The details don’t matter—I’ve written about them elsewhere. (Thumbs up, reader. I’m okay.) What matters: Twenty-first century living sometimes affirms experiences that twentieth-century living denied. Not across the board, but in pockets of places, like in an op-ed that worries for the safety of transwomen needing to pee, like on a bestseller list where sits a memoir about a brown-skinned woman’s daily experiences with racism, like in a large discussion classroom on a patch of New Jersey that was once deciduous forest inhabited by the Lenni Lenape. We name at the onset of gatherings the tribes that inhabited the land we stand on. It’s a microscopic way of acknowledging Native people and the violence of white supremacy. It also ends up saying: Trauma brought us here. Trauma is embedded in the very birth of what we’re standing on.

Six months ago, when I stood at the front of this room wearing the black pantsuit, I described how I would structure my creative writing courses. I showcased my students’ work.
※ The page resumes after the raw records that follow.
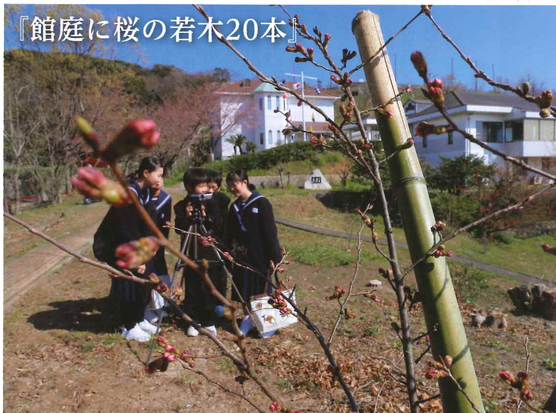
『館庭に桜の若木20本』
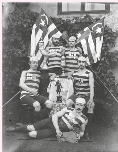
▲ Členové Veslařsko-bruslařského klubu Ohře, ověnění prvními úspěchy na konci 19. století. Velký pohár uprostřed získali 15. července 1894 v Praze na Mezinárodních veslařských závodech pořádaných Veslařským klubem Blesk Praha.

▼ Pohled na Louny od jihu kolem roku 1892. Foceno z místa nedaleko dnešního Tyršova náměstí. Poděbradova ulice tehdy ještě nestála. Zajímavý je zvláštní reliéf krajiny, který dnes již nespatříme.
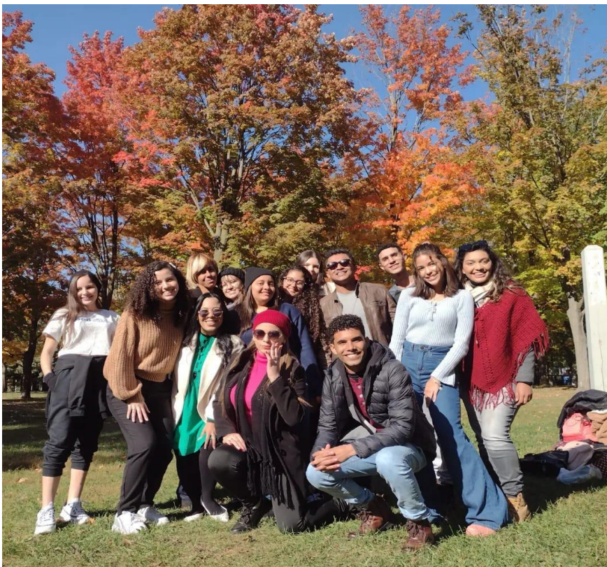
Foto no High Park
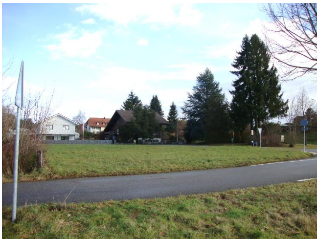
Aussicht nach Osten
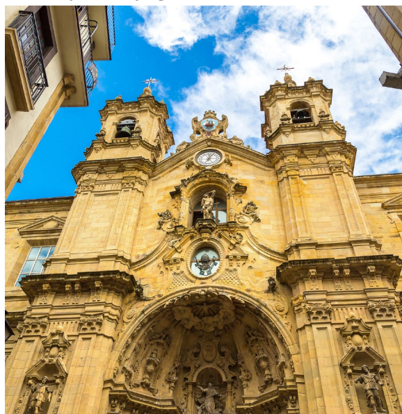
▲ BASÍLICA DE SANTA MARÍA DEL CORO

Poderás admirar a Catedral do Bom Pastor , o Teatro Victoria Eugenia ou a Câmara Municipal , cujo belo edifício foi sede do Gran Casino da cidade até à proibição do jogo em 1924.
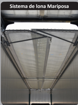
Sistema de lona Mariposa

Puerta de inspección estanca en el frontal con faro de trabajo de LED ajustable
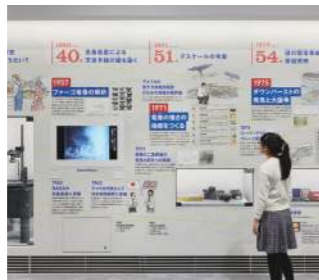
미스터 토네이도 후지타 테쓰야 박사
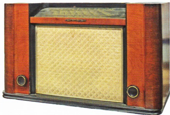
Erres KY417 gebouwd in 1941/1942 en zowel geleverd aan de Nederlandse handel als aan het Ostspende-project. Is uitgerust met kortegolf, middengolf en langegolf, maar biedt tevens de mogelijkheid met de golflengteschakelaar twee vast ingestelde stations te kiezen (op de fabriek voorafgestemd op Hilversum I en II). Collectie: Rotterdams Radio Museum.

Rond 10 november wordt de Nederlandse radiohandel geconfronteerd met het Ostspende-project van Joseph Goebbels, de Duitse minister voor Volksaufklärung und Propaganda . Voor het Oostfront heeft hij 80.000 radiotoestellen nodig, waarmee de daar aanwezige manschappen naar de radio-uitzendingen uit het moederland kunnen luisteren. De Duitse industrie kan echter geen radiotoestellen voor de ontvangst van de gewone omroepers leveren, omdat de bedrijfstak volledig is ingesteld op productie voor oorlogsvoering. Daarom wordt besloten de benodigde toestellen in het bezette westen te verwerven. Als eerste stap moeten alle Nederlandse radiohandelaren hun voorraad radiotoestellen (tegen betaling) afstaan. Dat betekent dat alle pas door Van der Heem uitgeleverde Erres-toestellen (maar ook de toestellen van alle andere merken) in één keer uitverkocht zijn. Zo is een grote radiohandel in Delft in één keer door zijn hele voorraad van 57 toestellen van het type KY415, KY416 en KY417 heen.
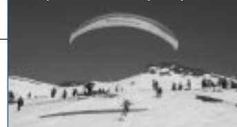
Coupe du monde parapente

Bien que la météo ne se soit pas montrée très favorable (particulièrement pour les terrasses de nos restaurants), les fêtes de Noël ont été une réussite avec une clientèle fort surprise des bonnes conditions de ski et ravie des investissements réalisés en 2002 (voir Funi'Mag de décembre 2002).
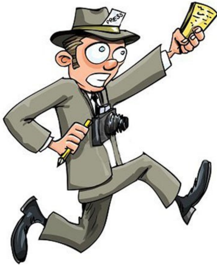
李思博先生现在是 Paris Turf 的赛马记者

他怎么能够错失亲眼见证“海都市”的儿子胜出打吡大赛冠军的机会呢？为了祝我好运，他把一张儿子克莱门骑着“海都市”的照片送给我，照片摄于 1992 年克莱门车祸前。我将照片一直保存在衣袋内，直到今天。
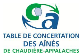
Table de concertation des aînés de Chaudière-Appalaches 5501, rue Saint-Georges, Lévis (Québec) G6V 4M7

Prochaine livraison du bulletin 15 mai 2026 date de tombée 8 mai 2026.
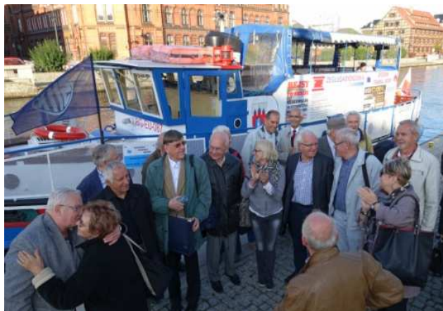
Zdjęcia z holownika M/S „Bydgoszcz” (pod banderą SITK)
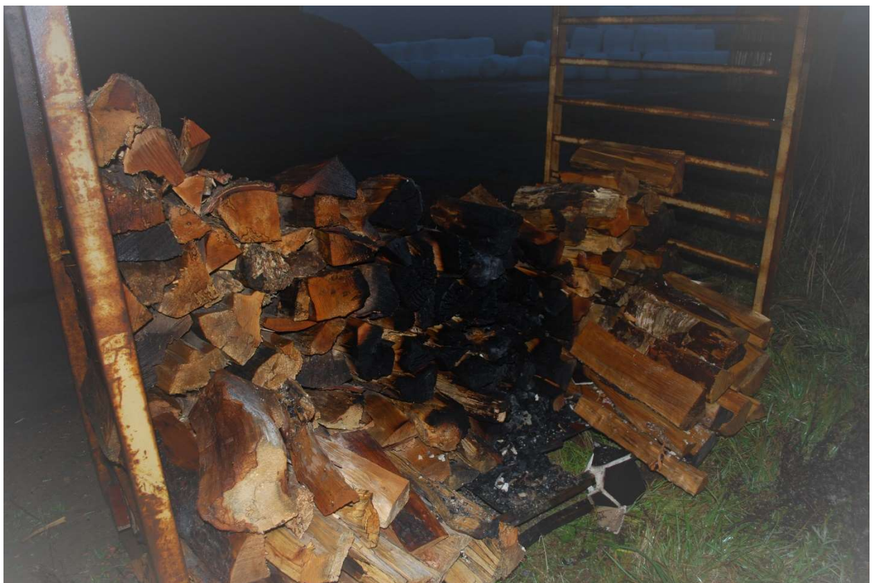
Foto 2. Vedstaplar som är uttagna från pannrummet.
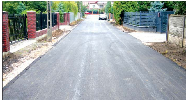
Wysafaltowana ulica Spokojna
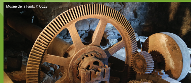
Musée de la Faulx
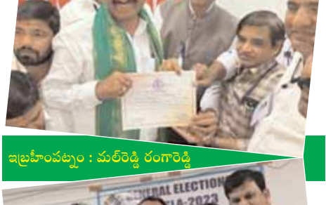
ఇబ్రహీంపట్నం : మల్లెరెడ్డి రంగారెడ్డి
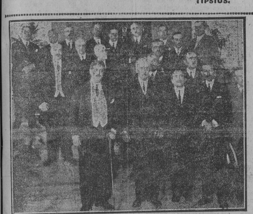
El infante Don Carlos, con el Ministro de la Economía Nacional, conde de los Andes, y Gobernador civil, en el reparto de premios en la Algodonera.

Acaban de celebrarse con gran esplendor en Toulouse las solemnes fiestas del séptimo centenario de la fundación de aquella Universidad. El mismo Presidente de la República, M. Doumergue, ha consagrado con su presencia la gloria intelectual de Toulouse, capital espiritual de la occidente, que tanta parte tuvo en la formación de la cultura francesa.

Projected on the screen was a student’s poem about living in a female body in a country where the president bragged about grabbing female bodies. I talked about how I diversify my reading lists, distributed grading rubrics of varying complexity, and watched committee members nod.

Here’s what I didn’t say: When I ask my students to write, I sometimes invite them to excavate the ineffable little monsters in their guts. Just like I held a little monster in my lap in the form of a composition notebook when I faced that judge. I invite my students, however gently, to gather the courage to hold these little monsters up to their ears and listen to them. And what my students end up writing in response are often beautiful and strange and powerful songs about how they have managed to survive in this world.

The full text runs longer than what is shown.